The expected answer is the data below, printed verbatim without its pictures.

*** Opening of The data ***

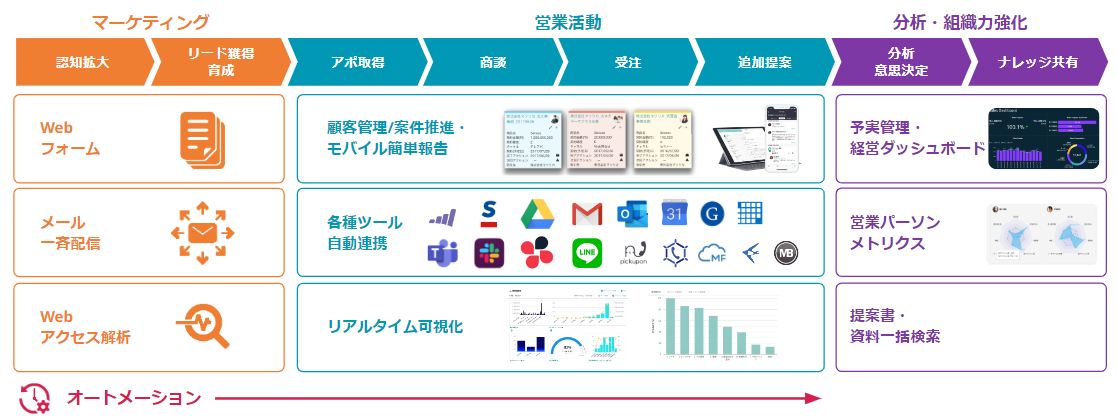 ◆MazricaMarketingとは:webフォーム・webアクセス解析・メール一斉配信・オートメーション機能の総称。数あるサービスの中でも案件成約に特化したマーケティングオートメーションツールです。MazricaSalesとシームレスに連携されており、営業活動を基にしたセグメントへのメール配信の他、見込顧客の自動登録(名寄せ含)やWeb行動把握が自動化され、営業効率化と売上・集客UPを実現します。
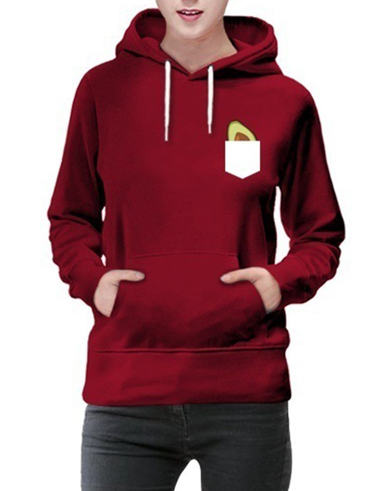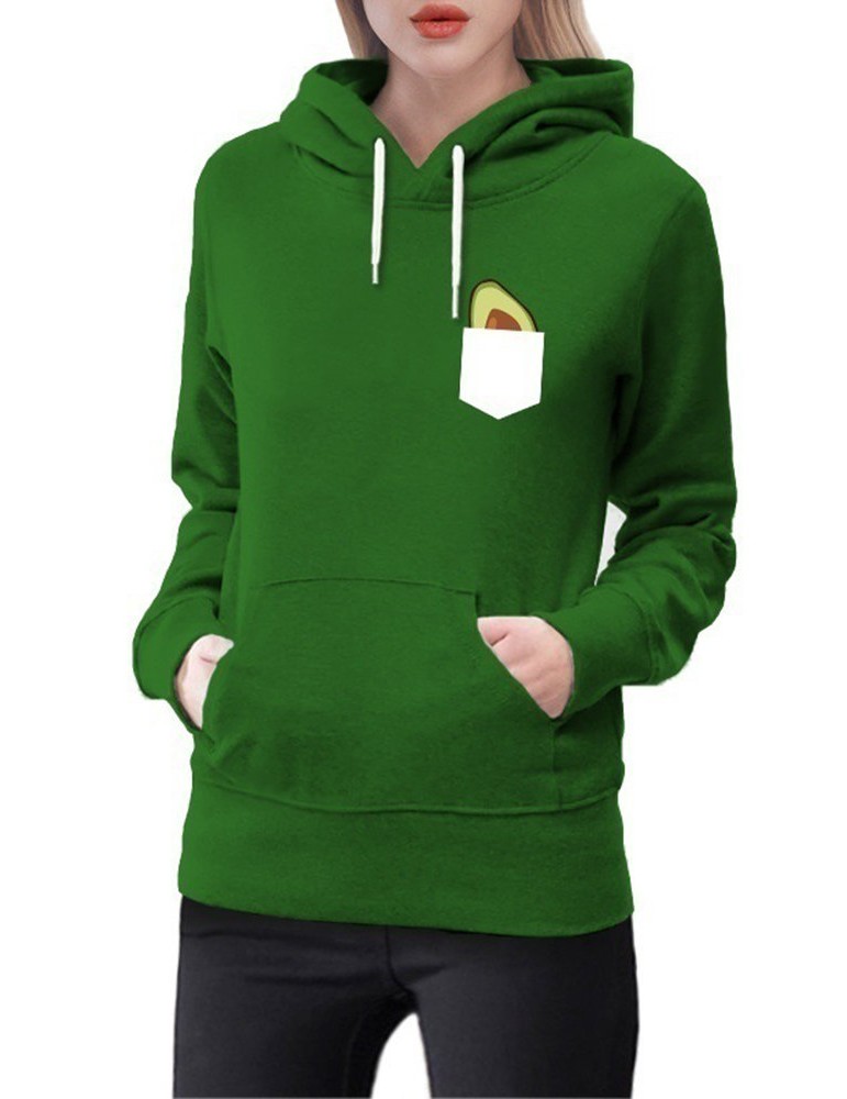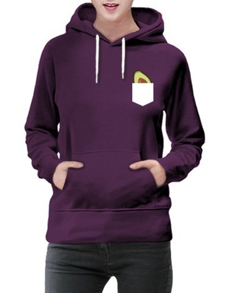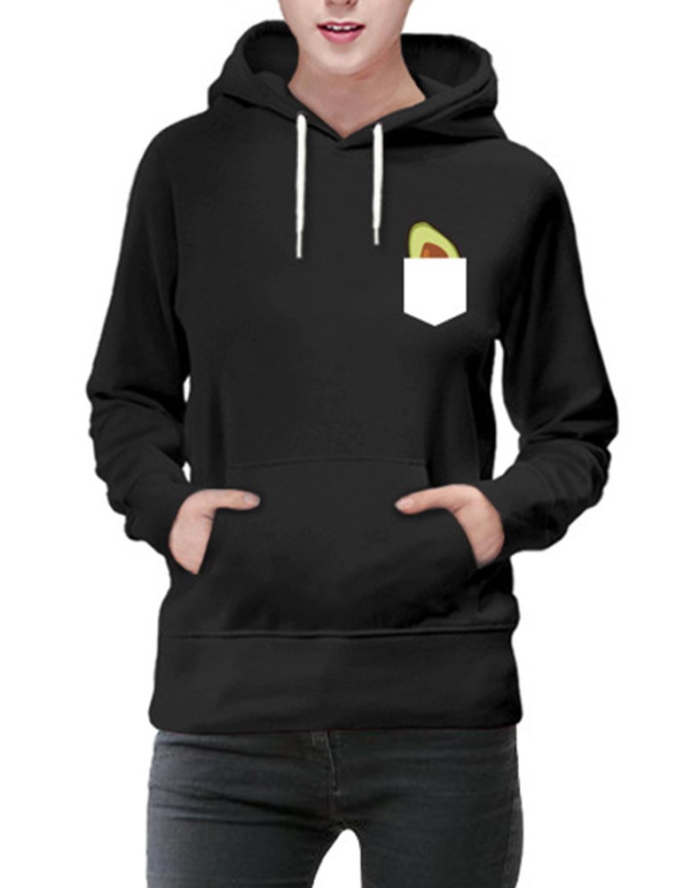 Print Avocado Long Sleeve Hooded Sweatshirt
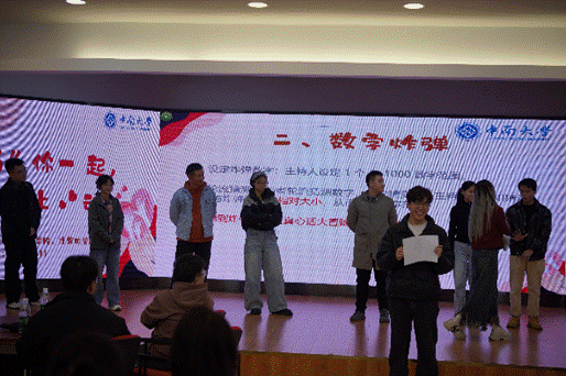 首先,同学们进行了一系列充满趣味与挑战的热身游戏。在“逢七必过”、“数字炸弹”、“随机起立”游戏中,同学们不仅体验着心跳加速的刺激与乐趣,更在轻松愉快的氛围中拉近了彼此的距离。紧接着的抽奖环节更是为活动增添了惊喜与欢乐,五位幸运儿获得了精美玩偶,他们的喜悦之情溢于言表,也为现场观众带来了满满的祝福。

*** Close of The data ***

- _Response area_
 ◆MazricaMarketingとは:webフォーム・webアクセス解析・メール一斉配信・オートメーション機能の総称。数あるサービスの中でも案件成約に特化したマーケティングオートメーションツールです。MazricaSalesとシームレスに連携されており、営業活動を基にしたセグメントへのメール配信の他、見込顧客の自動登録(名寄せ含)やWeb行動把握が自動化され、営業効率化と売上・集客UPを実現します。
 Print Avocado Long Sleeve Hooded Sweatshirt
 首先,同学们进行了一系列充满趣味与挑战的热身游戏。在“逢七必过”、“数字炸弹”、“随机起立”游戏中,同学们不仅体验着心跳加速的刺激与乐趣,更在轻松愉快的氛围中拉近了彼此的距离。紧接着的抽奖环节更是为活动增添了惊喜与欢乐,五位幸运儿获得了精美玩偶,他们的喜悦之情溢于言表,也为现场观众带来了满满的祝福。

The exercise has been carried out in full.